KPU RI sebenarnya sudah meminta partai menghapus nama warga yang dicatut saat tahap verifikasi administrasi. Tetapi, pencatutan nama warga kembali ditemukan saat tahapan verifikasi faktual keanggotaan sembilan partai di seluruh Indonesia.
Sembilan partai yang menjalani verifikasi faktual adalah Partai Solidaritas Indonesia (PSI), Perindo, PBB, Partai Hanura, dan Partai Ummat. Lalu Partai Buruh, Partai Garuda, Partai Kebangkitan Nusantara (PKN), dan Partai Gelora.
Pencatutan nama warga itu misalnya ditemukan di Bali. Komisioner KPU Kabupaten Jembrana, Bali, Made Widiastra menyampaikan, terdapat belasan kasus pencatutan nama warga yang ditemukan saat verifikasi faktual di wilayahnya. “Pencatutan dilakukan oleh hampir semua partai yang ikut verifikasi faktual,” kata Widiastra kepada Republika di Denpasar, Sabtu (5/11/2022).
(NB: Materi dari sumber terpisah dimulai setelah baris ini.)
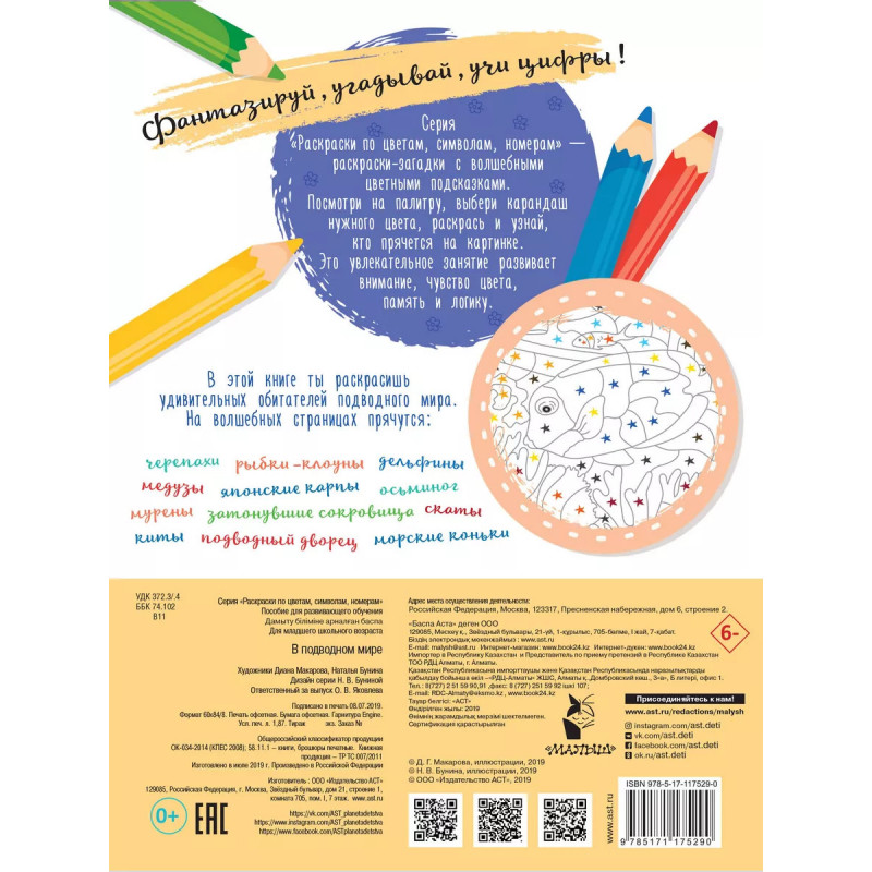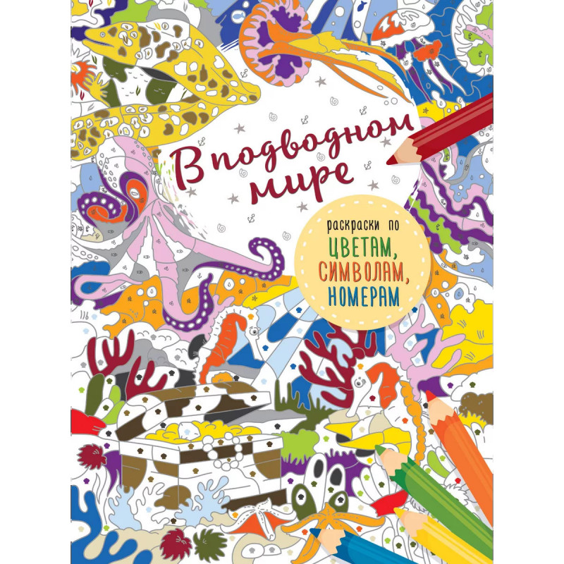 В подводном мире. Серия "Раскраски по цветам, символам, номерам" - раскраски-загадки с волшебными цветными подсказками. Посмотри на палитру, выбери карандаш нужного цвета, раскрась и узнай, кто прячется на картинке. Это увлекательное занятие развивает внимание, чувство цвета, память и логику. В этой книге ты раскрасишь удивительных обитателей подводного мира. На волшебных страницах прячутся: черепахи, рыбки-клоуны, дельфины, медузы, японские карпы, скаты затонувшие сокровища, осьминог, киты, подводный дворец, мурены, морские коньки.

Merespons temuan itu, Ketua KPU RI Hasyim Asy’ari mengatakan, pihaknya hanya melakukan dua hal terhadap partai yang melakukan pencatutan. Pertama, menyatakan partai itu Tidak Memenuhi Syarat (TMS) verifikasi faktual. Kedua, meminta partai menghapus nama warga yang dicatut dari Sipol.
Adapun penjatuhan sanksi terhadap partai adalah kewenangan Bawaslu RI. “Kalau dianggap melanggar pidana atau tidak, melanggar administrasi, itu ada di tangan Bawaslu,” kata Hasyim kepada wartawan, Senin (7/11/2022).
Adapun Ketua Badan Pengawas Pemilihan Umum (Bawaslu) RI Rahmat Bagja pada Selasa (8/11/2022), menyebut pihaknya hanya bisa memberikan sanksi administratif kepada partai. Sanksi bisa diberikan atas putusan sidang yang digelar setelah ada laporan dari masyarakat.